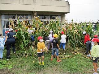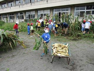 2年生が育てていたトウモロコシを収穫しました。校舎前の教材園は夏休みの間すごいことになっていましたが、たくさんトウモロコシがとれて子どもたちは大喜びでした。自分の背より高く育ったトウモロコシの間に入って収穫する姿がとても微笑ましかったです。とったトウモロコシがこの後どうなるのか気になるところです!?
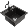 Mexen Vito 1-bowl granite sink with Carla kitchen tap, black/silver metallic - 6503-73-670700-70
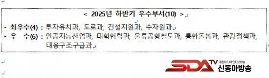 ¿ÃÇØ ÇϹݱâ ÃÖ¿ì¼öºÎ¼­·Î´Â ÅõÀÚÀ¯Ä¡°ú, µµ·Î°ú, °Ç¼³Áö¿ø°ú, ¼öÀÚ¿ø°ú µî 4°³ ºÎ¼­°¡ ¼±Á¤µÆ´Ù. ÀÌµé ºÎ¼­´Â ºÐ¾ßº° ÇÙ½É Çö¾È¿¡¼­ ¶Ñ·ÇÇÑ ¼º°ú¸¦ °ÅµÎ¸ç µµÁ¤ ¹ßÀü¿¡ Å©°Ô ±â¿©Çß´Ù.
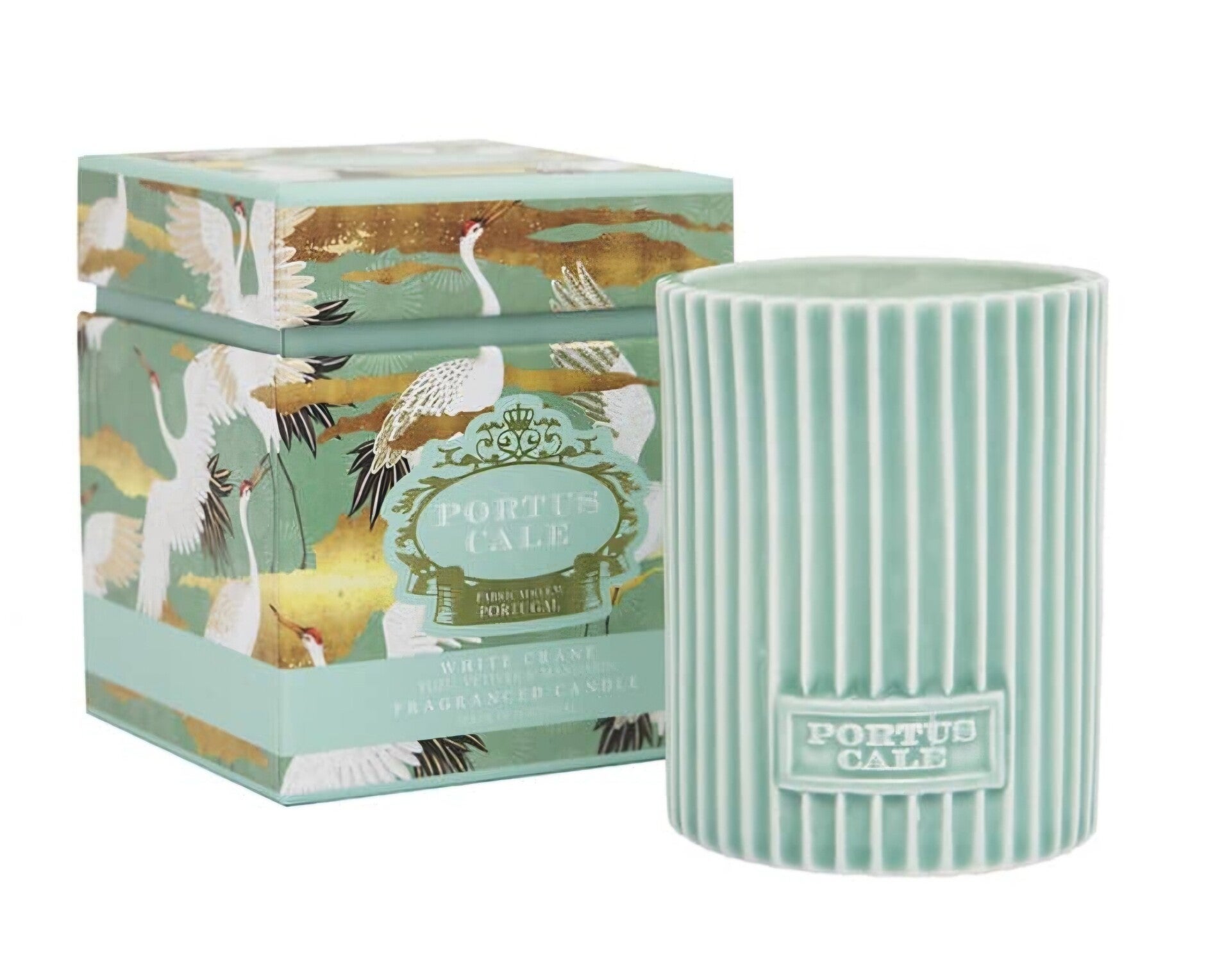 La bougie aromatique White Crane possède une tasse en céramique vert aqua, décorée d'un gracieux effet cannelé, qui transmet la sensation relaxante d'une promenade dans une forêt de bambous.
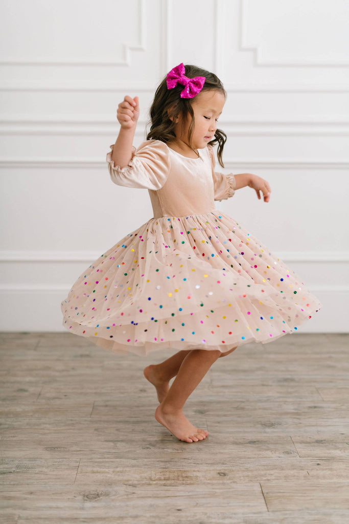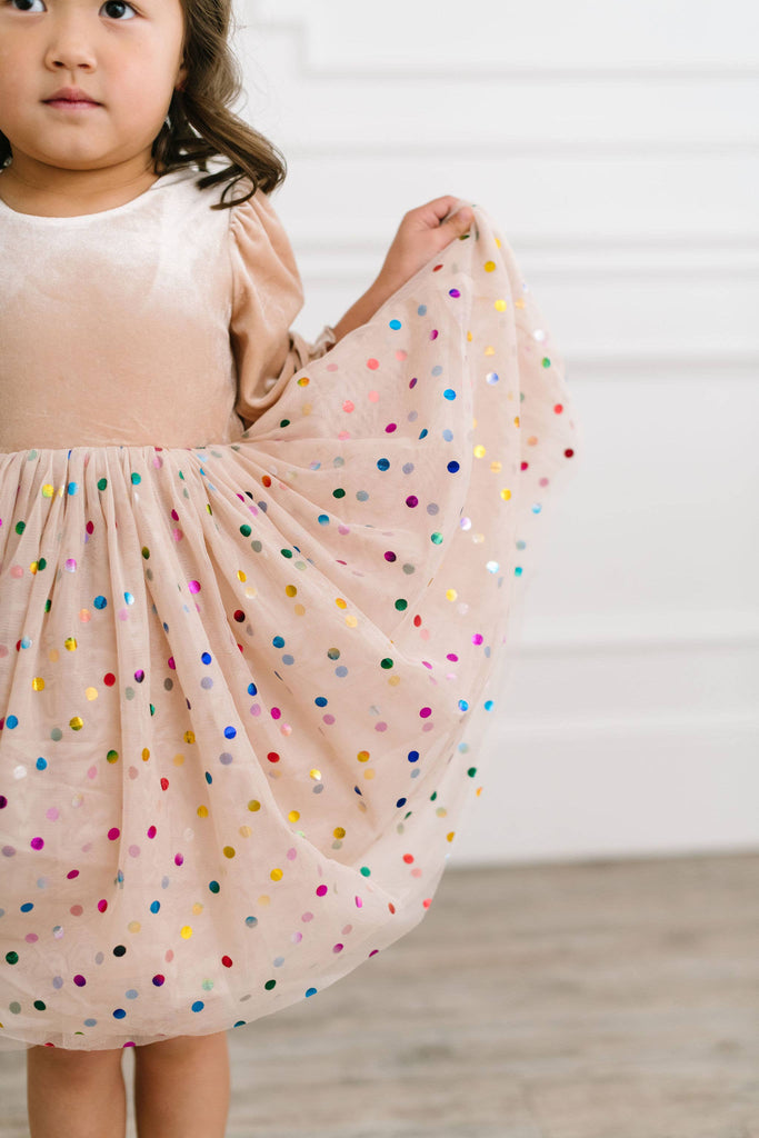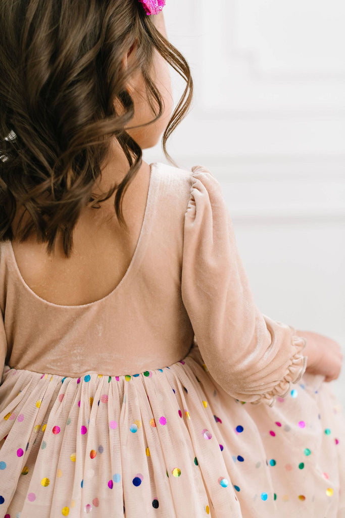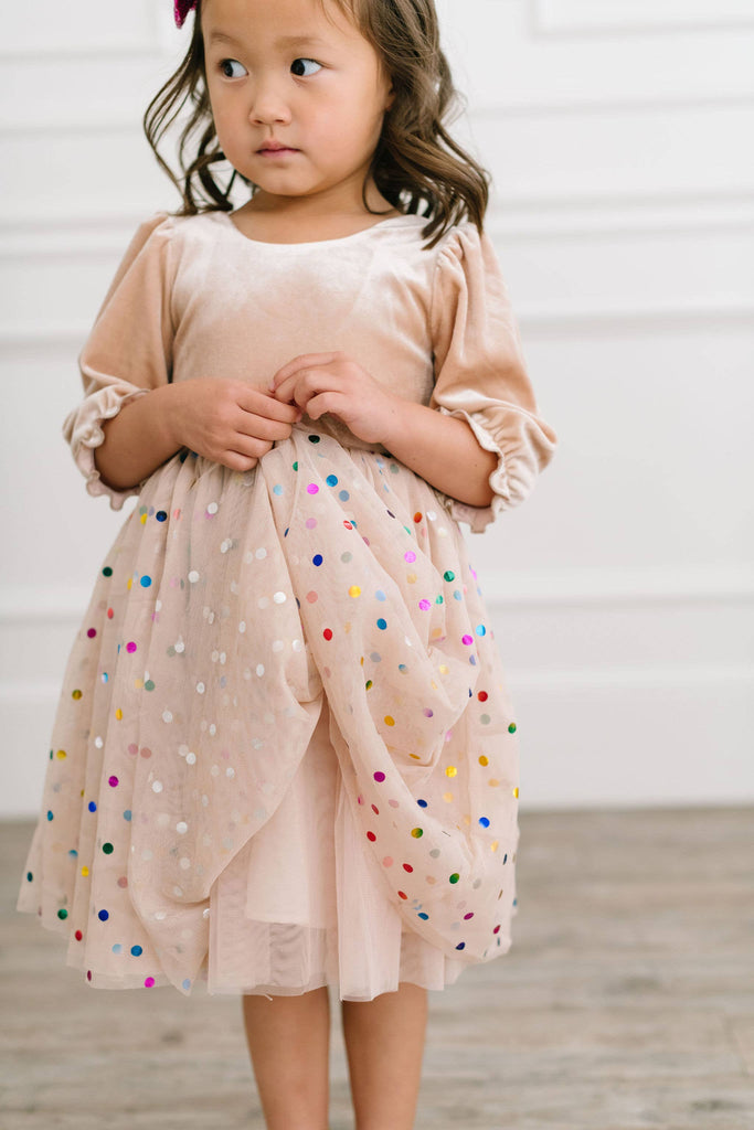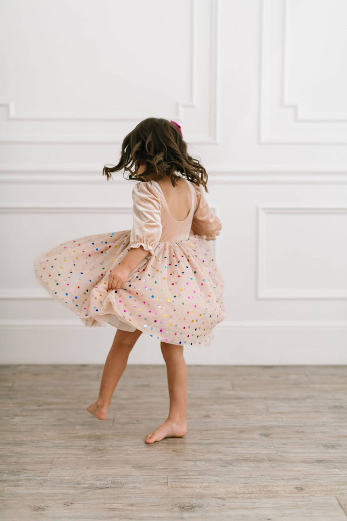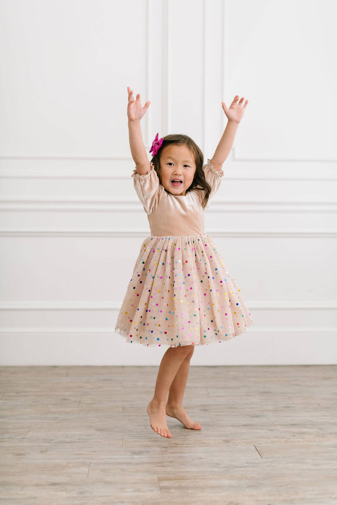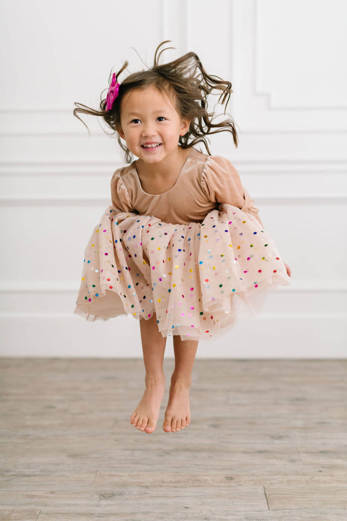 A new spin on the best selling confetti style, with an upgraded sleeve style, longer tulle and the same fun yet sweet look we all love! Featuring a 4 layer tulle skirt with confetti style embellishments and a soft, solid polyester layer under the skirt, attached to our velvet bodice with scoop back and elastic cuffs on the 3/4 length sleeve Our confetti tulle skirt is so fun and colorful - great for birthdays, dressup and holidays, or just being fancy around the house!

********************

• [What this task involves] The answer should hold every entry exactly as given and no pictures at all.

• [Problem solution]
 2年生が育てていたトウモロコシを収穫しました。校舎前の教材園は夏休みの間すごいことになっていましたが、たくさんトウモロコシがとれて子どもたちは大喜びでした。自分の背より高く育ったトウモロコシの間に入って収穫する姿がとても微笑ましかったです。とったトウモロコシがこの後どうなるのか気になるところです!?
 Mexen Vito 1-bowl granite sink with Carla kitchen tap, black/silver metallic - 6503-73-670700-70
 ¿ÃÇØ ÇϹݱâ ÃÖ¿ì¼öºÎ¼­·Î´Â ÅõÀÚÀ¯Ä¡°ú, µµ·Î°ú, °Ç¼³Áö¿ø°ú, ¼öÀÚ¿ø°ú µî 4°³ ºÎ¼­°¡ ¼±Á¤µÆ´Ù. ÀÌµé ºÎ¼­´Â ºÐ¾ßº° ÇÙ½É Çö¾È¿¡¼­ ¶Ñ·ÇÇÑ ¼º°ú¸¦ °ÅµÎ¸ç µµÁ¤ ¹ßÀü¿¡ Å©°Ô ±â¿©Çß´Ù.
 La bougie aromatique White Crane possède une tasse en céramique vert aqua, décorée d'un gracieux effet cannelé, qui transmet la sensation relaxante d'une promenade dans une forêt de bambous.
 A new spin on the best selling confetti style, with an upgraded sleeve style, longer tulle and the same fun yet sweet look we all love! Featuring a 4 layer tulle skirt with confetti style embellishments and a soft, solid polyester layer under the skirt, attached to our velvet bodice with scoop back and elastic cuffs on the 3/4 length sleeve Our confetti tulle skirt is so fun and colorful - great for birthdays, dressup and holidays, or just being fancy around the house!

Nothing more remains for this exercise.